Une demi-heure plus tard, ils étaient de retour, armés d’une brassée multicolore de tulipes et de narcisses. Georg, le serviteur, reconnut Aldo aussitôt et reçut les deux hommes avec un visible plaisir quand ils firent connaître leur intention de fleurir la tombe de son défunt maître.
— Vous n’aurez pas loin à aller. Il repose au bout du jardin, là où il touche à la colline de l’ancien camp. Je vous guiderai quand Martha aura préparé le vase qui convient.
— J’espère, reprit Aldo, que nous ne sommes pas indiscrets ? Le nouveau propriétaire pourrait trouver à redire…

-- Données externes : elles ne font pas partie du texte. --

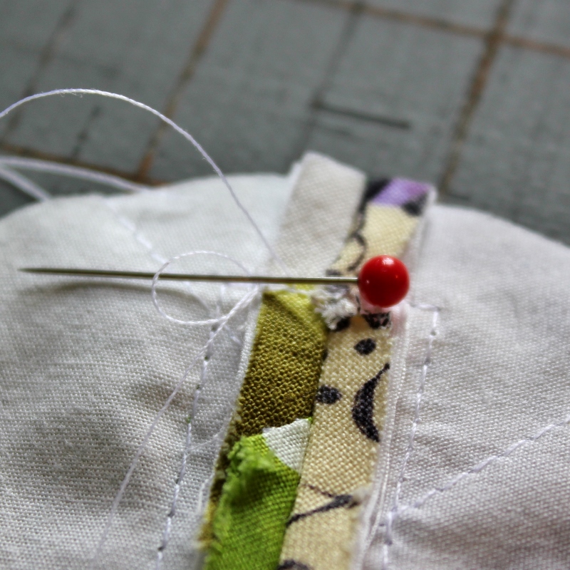I recommend doing this when sewing on both embroidery pieces and when sewing the patchwork circle to the cover. It’s not necessary but does make for a slightly higher-quality finish.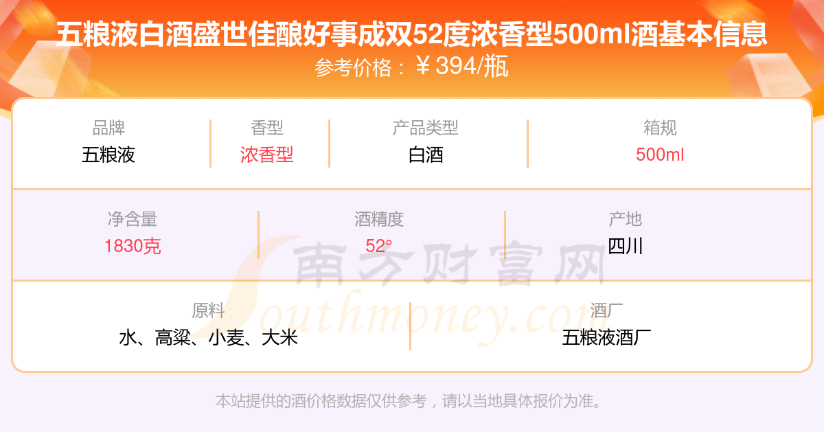五糧液白酒盛世佳釀好事成雙52度濃香型500ml基本信息

— Il ne regrettera que de vous avoir manqués ! M. Hugo de Hagenthal qui voue, au vaincu de Grandson, de Morat et de Nancy, une sorte de culte, est infiniment reconnaissant à notre pauvre maître – qui était son parrain ! – de lui avoir légué « La Seigneurie » de préférence à son père, le baron Karl-August. Il en prend un soin extrême.
— Il vit ici ? demanda Adalbert.
— Pas encore, mais il vient souvent. L’installation définitive se fera dans un mois environ, dont nous sommes très heureux Martha et moi ! Nous… redoutions quelque peu de passer au service du baron Karl-August. C’est un homme dur…
— Votre défunt maître ne l’était-il pas ?
— Non. Il était silencieux, grave, mais il n’était pas dur. En outre, il aimait profondément cette maison où il avait été heureux tant qu’avait vécu Madame la baronne. C’est pourquoi il l’avait léguée à son filleul de préférence à son cousin, comme la loi lui en donnait parfaitement le droit !
— Quel âge a-t-il ?
— Monsieur Hugo ? La trentaine… je crois !
— Pas marié ? Pardonnez-moi ces questions, s’excusa Aldo, mais j’avoue que j’aimerais le rencontrer.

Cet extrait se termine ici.